--- Brief ---
For this exercise, please transcribe exactly and only the lines from the one containing "Представяме ви Goji" through the end of the material, both ends included, without pictures.

--- Information shown ---
* * * * * * * * *
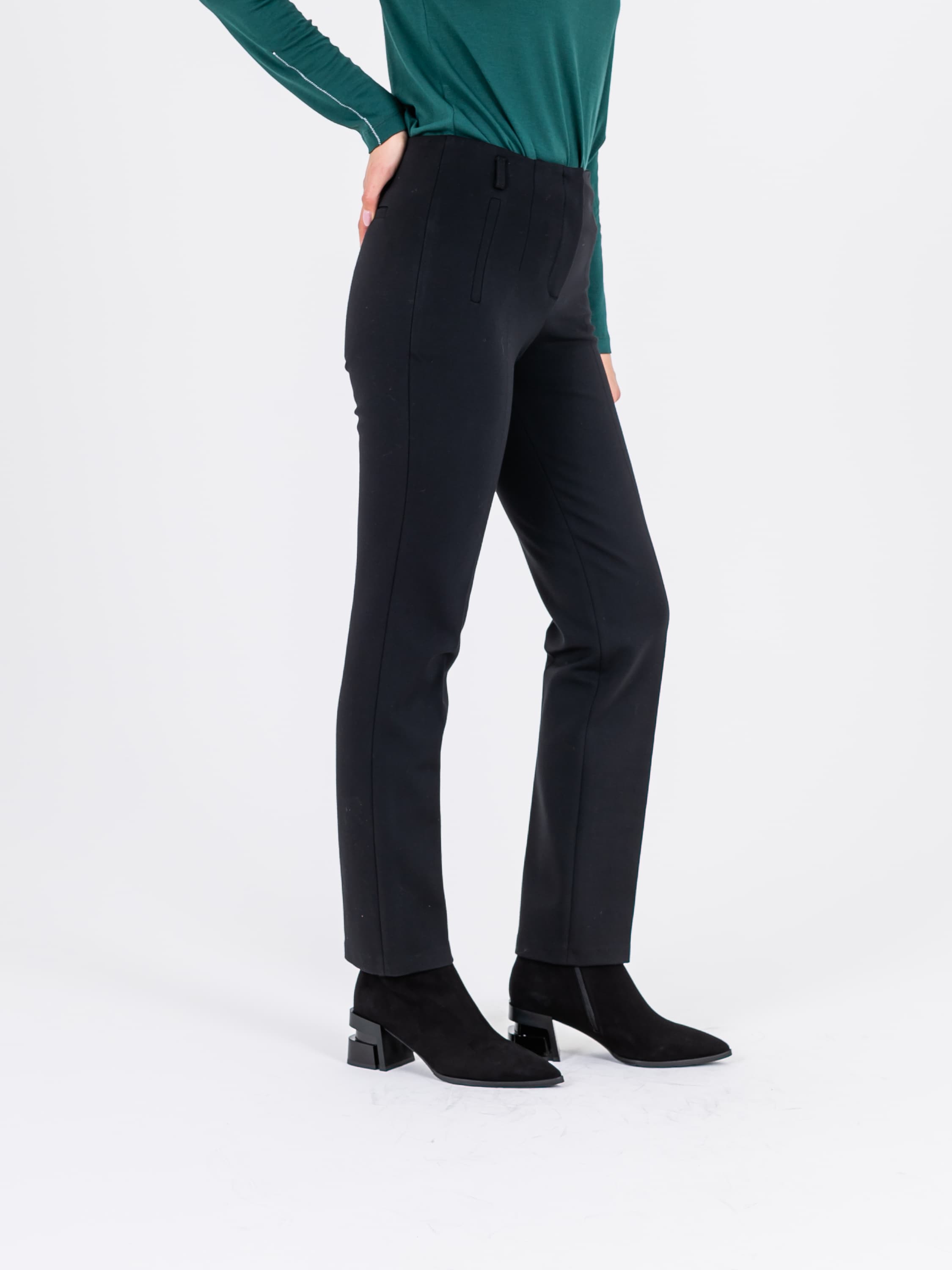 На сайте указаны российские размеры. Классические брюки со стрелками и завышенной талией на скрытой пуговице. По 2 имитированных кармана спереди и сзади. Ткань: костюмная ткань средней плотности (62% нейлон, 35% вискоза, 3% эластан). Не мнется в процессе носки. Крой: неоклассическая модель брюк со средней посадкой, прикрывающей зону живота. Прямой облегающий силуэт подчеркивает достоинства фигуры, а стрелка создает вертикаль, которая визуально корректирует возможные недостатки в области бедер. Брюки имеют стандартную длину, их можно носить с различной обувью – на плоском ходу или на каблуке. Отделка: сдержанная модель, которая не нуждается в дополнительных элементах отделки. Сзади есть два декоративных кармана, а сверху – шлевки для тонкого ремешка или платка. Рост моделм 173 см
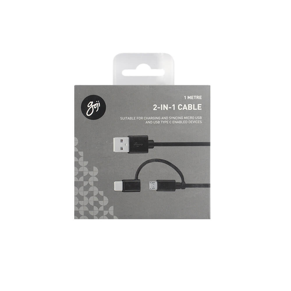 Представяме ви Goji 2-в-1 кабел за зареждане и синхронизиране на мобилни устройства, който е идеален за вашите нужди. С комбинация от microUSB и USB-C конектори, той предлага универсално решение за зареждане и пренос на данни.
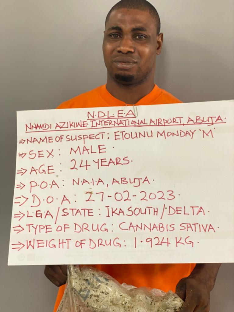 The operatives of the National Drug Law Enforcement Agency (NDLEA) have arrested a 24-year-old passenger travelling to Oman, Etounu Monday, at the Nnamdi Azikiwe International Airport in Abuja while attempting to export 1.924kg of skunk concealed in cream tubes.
* * * * * * * * *
--- Task response ---
 Представяме ви Goji 2-в-1 кабел за зареждане и синхронизиране на мобилни устройства, който е идеален за вашите нужди. С комбинация от microUSB и USB-C конектори, той предлага универсално решение за зареждане и пренос на данни.
 The operatives of the National Drug Law Enforcement Agency (NDLEA) have arrested a 24-year-old passenger travelling to Oman, Etounu Monday, at the Nnamdi Azikiwe International Airport in Abuja while attempting to export 1.924kg of skunk concealed in cream tubes.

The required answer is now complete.